🤖 AI Summary
Fourier Neural Operators (FNOs) lack rigorous theoretical foundations regarding stability, generalization, and frequency-domain behavior in high-dimensional PDE surrogate modeling.
Method: This work pioneers the application of Effective Field Theory (EFT) to neural operator analysis, establishing a systematic theoretical framework in infinite-dimensional function spaces. It derives closed-form recurrence relations for layer-wise kernels and four-point vertices, uncovering how nonlinear activations induce high-frequency mode coupling and spectral shifting. Integrating EFT with spectral truncation analysis, it formulates a criticality-driven hyperparameter selection principle and derives critical initialization conditions for weights in wide networks to ensure stable perturbation scaling across depth.

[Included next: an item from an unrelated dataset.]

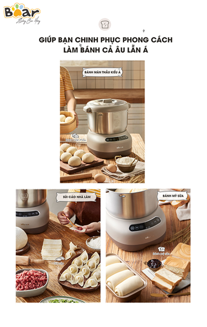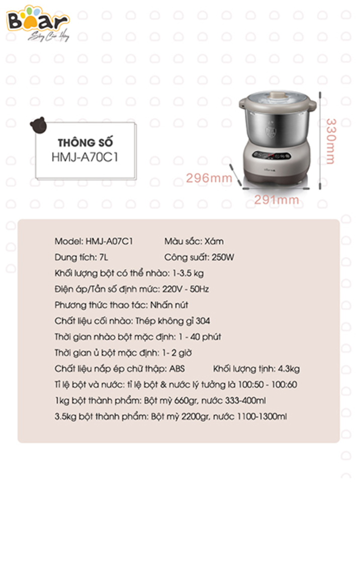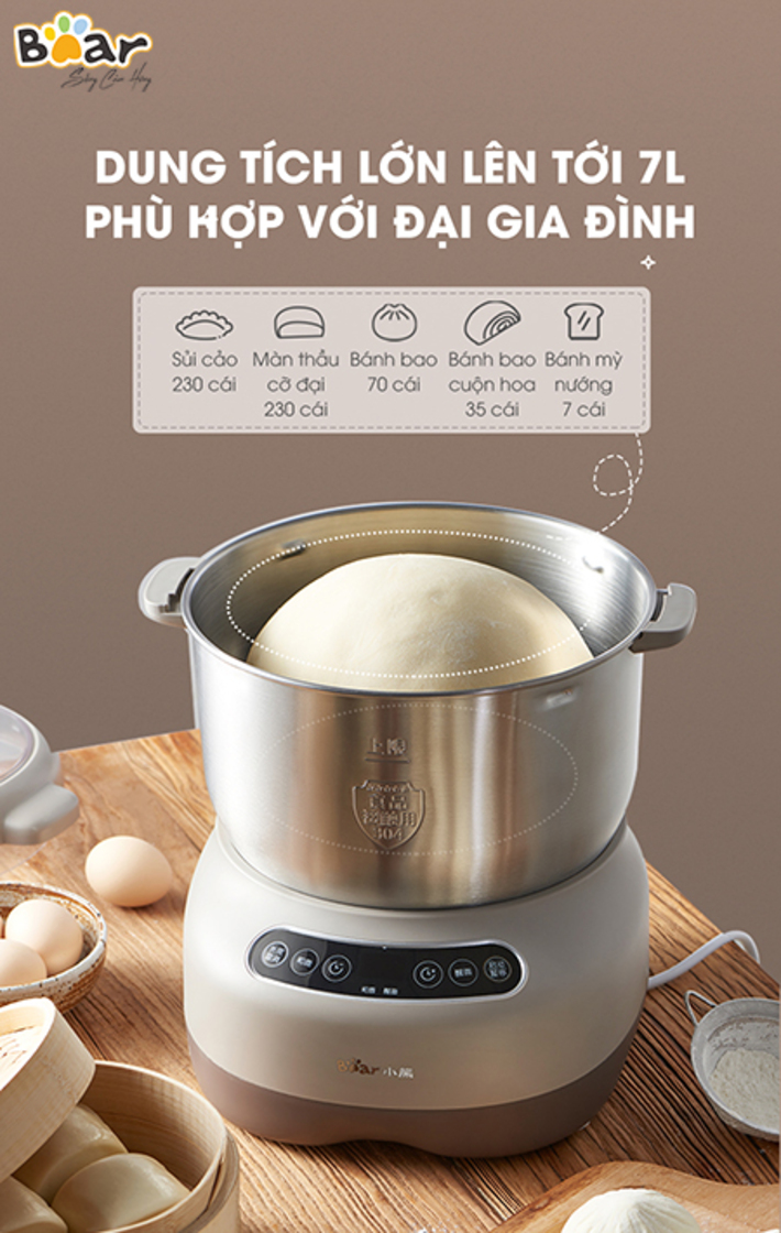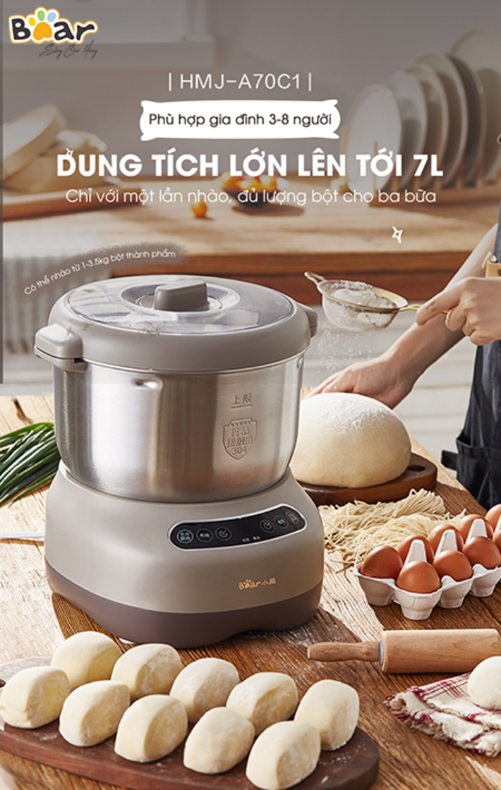 Giới thiệu Máy Trộn Bột Ủ Bột Lên Men, Máy Làm Bánh Tự Động BEAR HMJ-A70C1 Chống Dính Dung Tích 7 Lít Công Suất 250 W - Hàng Chính Hãng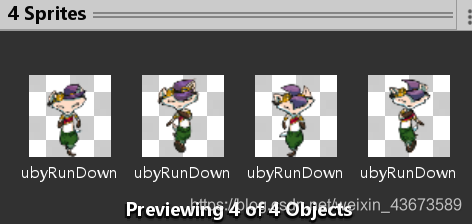 一同选定一组图片作为动画的4帧,拖到对象栏上

Results: Theoretical analysis and empirical validation jointly demonstrate that this principle significantly enhances generalization and feature learning capability. It establishes a novel, interpretable design paradigm for FNOs grounded in physical and statistical principles.
📝 Abstract
Fourier Neural Operators (FNOs) have emerged as leading surrogates for high-dimensional partial-differential equations, yet their stability, generalization and frequency behavior lack a principled explanation. We present the first systematic effective-field-theory analysis of FNOs in an infinite-dimensional function space, deriving closed recursion relations for the layer kernel and four-point vertex and then examining three practically important settings-analytic activations, scale-invariant cases and architectures with residual connections. The theory shows that nonlinear activations inevitably couple frequency inputs to high-frequency modes that are otherwise discarded by spectral truncation, and experiments confirm this frequency transfer. For wide networks we obtain explicit criticality conditions on the weight-initialization ensemble that keep small input perturbations to have uniform scale across depth, and empirical tests validate these predictions. Taken together, our results quantify how nonlinearity enables neural operators to capture non-trivial features, supply criteria for hyper-parameter selection via criticality analysis, and explain why scale-invariant activations and residual connections enhance feature learning in FNOs.